Kali Chandra Singh And Anr. vs Rajkishore Bhuddro on 13 May, 1885

Calcutta High Court
Kali Chandra Singh And Anr. vs Rajkishore Bhuddro on 13 May, 1885
Equivalent citations: (1885) ILR 11 Cal 615
Author: Field
Bench: Field, Grant


Field, J.

1. The question in this case is whether a co-sharer is entitled to maintain a suit for enhancement of his share of the rent, which, according to his allegation, was separately collected by him. We will assume for the purposes of our decision in this case that the share of the rent was, in this particular case, separately collected. The Courts below have held that such a suit is not maintainable. It has been pressed upon us by the learned vakil that the decision of the Courts below is wrong upon the authorities. He first pressed upon us the decision of the Full Bench in the case of Chuni Singh v. Hera Mahto I.L.R. 7 Cal. 633. We think that the only observation necessary to make with reference to this case is that the very question we have now to decide was referred to a Full Bench; but was not decided, because, according to the opinion of the majority of the Court, this point did not arise in that case. Then the learned vakil relied upon the case of Bidhu Bhusun Basu v. Kamaraddi Mundul I.L.R. 9 Cal. 864 but in that case this point was not decided; the point decided was, whether the notice of enhancement was good. “The question we have to decide in second appeal is,” said Cunningham, J., “whether this notice was good. This question has, in our opinion, been decided in the affirmative by the observations of the Chief Justice in the Full Bench case of Chuni Singh v. Hera Mahto. We understand the meaning of the Chief Justice to be that a suit by a portion of the co-sharers for rent at an enhanced rate may be brought, provided the other co-sharers are joined in the suit either as plaintiff’s or defendants; and that, in such a case, notice may be duly given by that portion of the co-sharers by which the suit is instituted.”

2. On the other hand, there is more than one decision of this Court, in which it has been decided that such a suit cannot be maintained.

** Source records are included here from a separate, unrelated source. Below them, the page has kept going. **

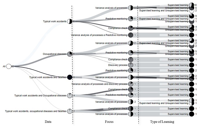 Regarding the Focus of the 36 studies classified as Typical Occupational Accident, 18 (50.00%) were shown as Process Analysis of Variance, 11 (30.55%) as Predictive Monitoring, 6 (16,67%) as Compliance Check and 1 (2.78%) as Variance Analysis of Processes and Predictive Monitoring.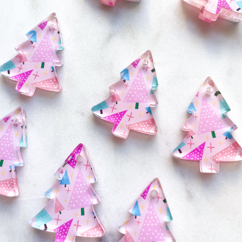 Clear Acrylic - 3cm Christmas Tree - 1 Hole - Christmas - 309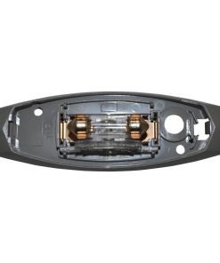Leuchte für vertikalen Anbau mit grauer Grundplatte. Mit 5 W Glühbirne.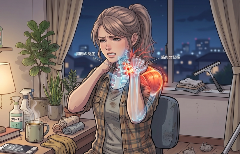 なぜ血流改善だけでは不十分なのでしょうか。医学的な観点からみると、緊張型頭痛の根本原因は筋肉そのものではなく、頸椎(首の骨)や肩甲骨周辺の関節の歪みや可動域の低下にあります。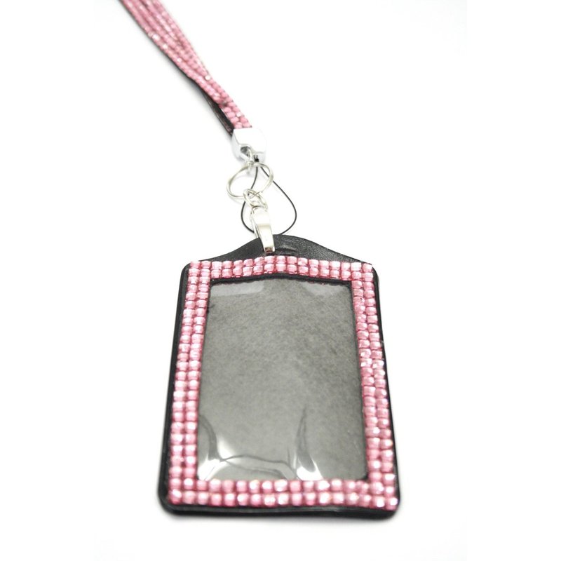 - This rhinestone ID badge holder easily detaches from the lanyard itself and acts as an independent product with for other uses like protecting your driver's license, work credentials and/or credit cards. This stunning rhinestone custom-built lanyard says business and play all at the same time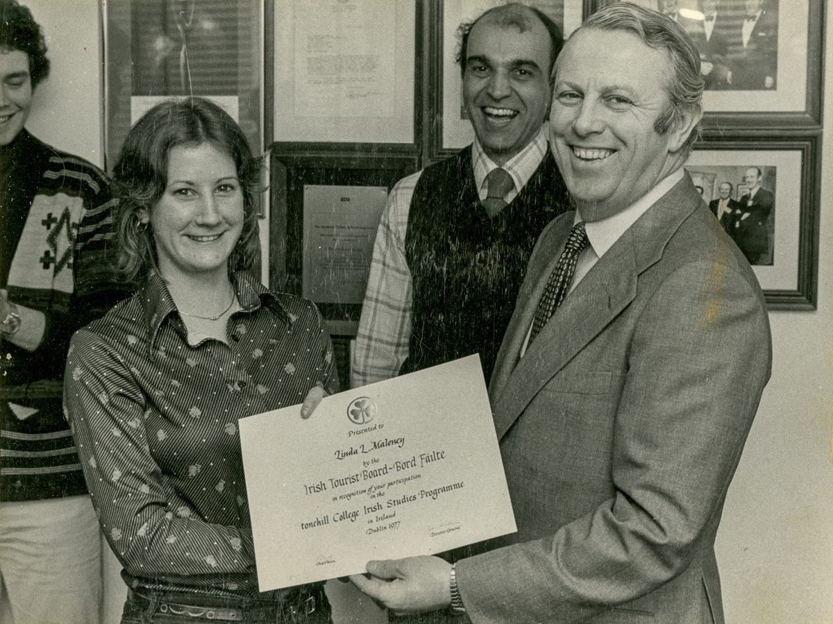 Linda L. Maloney being awarded for her participation in the Stonehill College Irish Studies Programme.Collection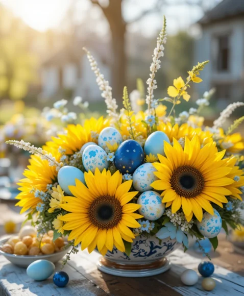 Combine bold yellow sunflowers with navy or soft blue decorative eggs. The contrast between yellow and blue creates a vibrant and eye-catching Easter table design perfect for outdoor gatherings.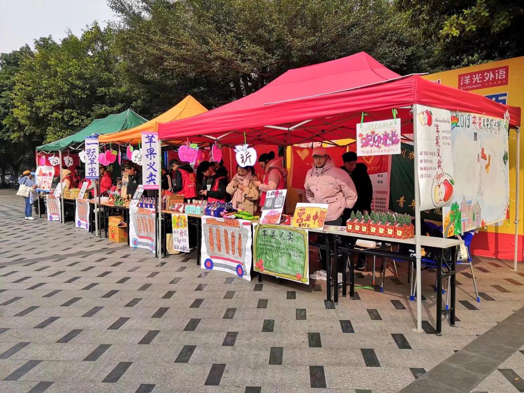 12月8日至12月23日期间,九大学院志愿者通过线上自媒体推送、教室三分钟宣讲,校内快闪表演等方式,在校内开展活动宣传,同时于成都校区进行线下设点苹果售卖。相比往年,活动主办方根据学生不同需求新推出了“祈福款”、“表白款”“心愿款”“寝室款”等特色苹果套餐,取得了购买学生的一致好评。本次活动取得了学校老师的支持,动物科学专业系主任张红平老师了解活动公益性质后,为动物科学专业所有2019级新生购买了苹果。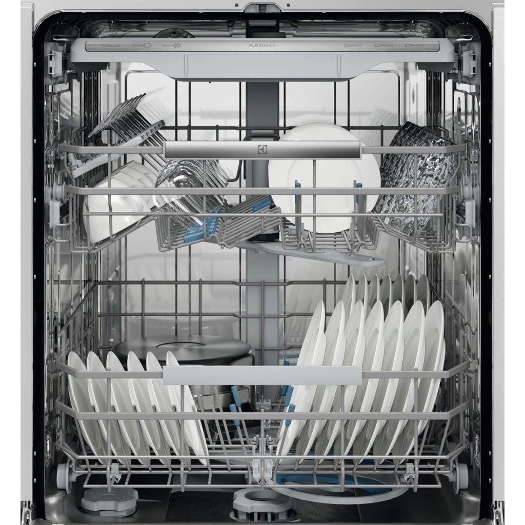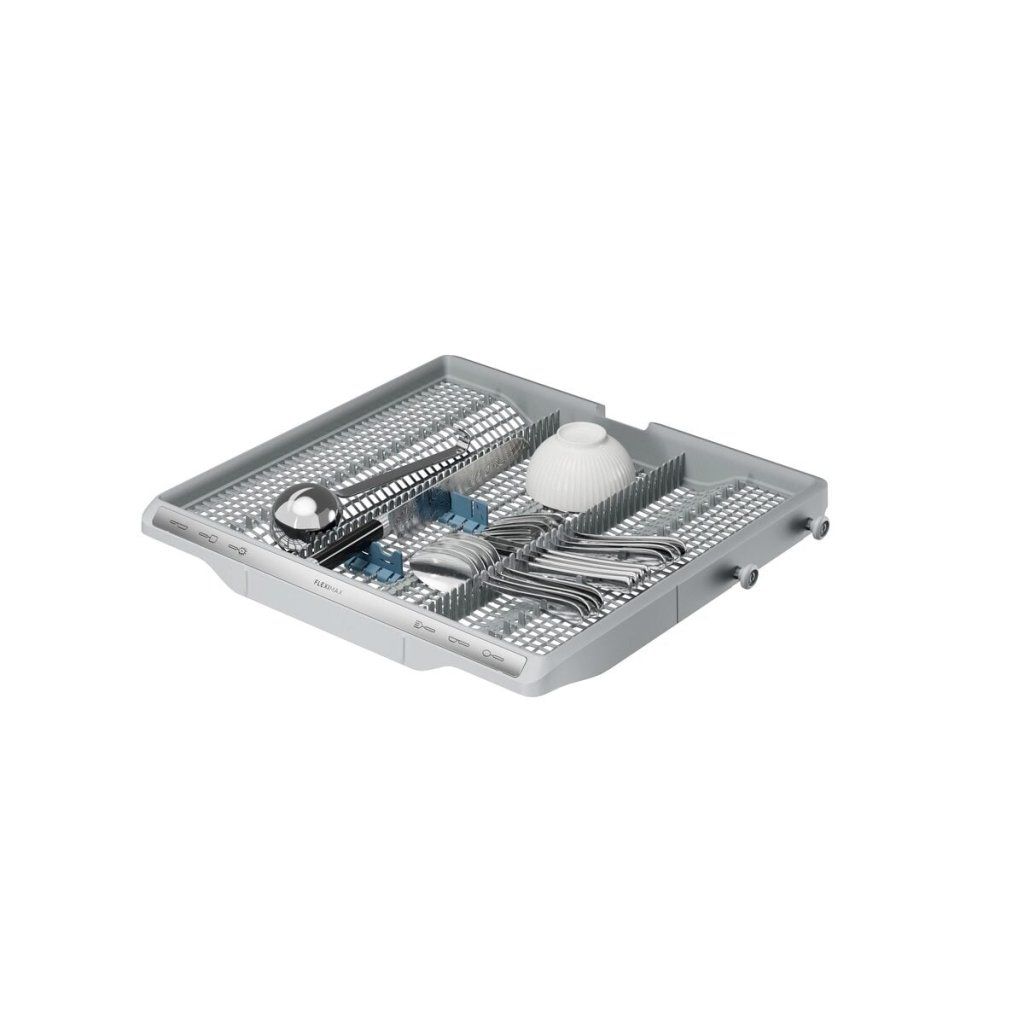 Koše FlexiMax Plus s hladkým pojezdem mají tři sklopné řady pro flexibilní umístění nádobí. Protiskluzové gumové úchyty a hroty udržují nádobí a sklenice na místě a zabraňují jejich narážení. Koš na příbory má hlubší prostřední sekci na kuchyňské náčiní.

In the Full Bench decision in the case of Guni Mahomed v. Moran I.L.R. 4 Cal. 96 the learned Chief Justice, after pointing out that a suit by one co-sharer for a kabuliat would not lie, proceeded as follows: “The right of one co-sharer to enhance the rent of his share separately must be governed by the same principle as his right to a kabuliat.”

3. Then in the case of Bharrut Chunder Roy v. Kally Das Dey I.L.R. 5 Cal. 574 it was held that one co-sharer, even if he made all the other co-sharers parties to the suit, cannot sue for separate rent. I may also refer to the case of Jogender Chunder Ghose v. Hurrish Chunder Chattopadhya 10 C.L.R. 331 in which, however, the other co-sharers were not made parties. I may observe that a similar view has been taken by the Bombay High Court in the case of Balaji Baikaji Pinge v. Gopal Bin Raghu Kuli I.L.R. 3 Bom. 23.

4. We, therefore, think that the point in question is concluded by authority, and unless we were prepared to dissent from the decisions of this Court, we would not be justified in referring the question to a Full Bench, as we have been asked to do. Speaking for myself, I am not prepared to dissent from the decisions to which I have referred. It is contended that if all the co-sharers are made parties to the suit, no injustice can be done to any of the parties, and the observations of the Chief Justice in the Full Bench decision in Chuni Singh v. Hera Mahto were pressed upon us. It may be observed that, although all the co-sharers have been made parties (defendants) in the present case, there is no allegation that they refused to join as co-plaintiffs. But can full justice be done, even if all the co-sharers are made parties to such a suit, i.e., a suit brought to enhance not the whole rent, but a fractional share of it? The Court could only decide upon a fractional enhancement; the other co-sharers are presumably not interested in that fraction; and so far as regards the other sharers and the shares belonging to them, upon the question of enhancement, the Court could not only not do full justice, but could absolutely do nothing. It would be competent to each of these sharers to bring afterwards against the tenant similar separate suits for the enhancement of each of these shares of rent. Such a multiplicity of suits would be harassing to the tenant in the highest degree. It has been held that a suit to set aside the sale of a putni taluk as regards a share only is not maintainable by a single shareholder; but that the suit must be by all the shareholders to set aside the sale as regards the entire taluk. A similar decision was given when five lessees of a Government estate brought separate suits to set aside the sale of that estate for arrears of Government revenue, and there are in the books numerous other cases to show that a suit of this kind, affecting only a fraction of the interest belonging to a number of persons, cannot be maintained unless two conditions are complied with, namely, first, that all the parties interested are before the Court; and, secondly, that the whole of the subject-matter can be affected by the decree so as to prevent multiplicity of suits.

5. We are, therefore, of opinion that the appeal must be dismissed with costs.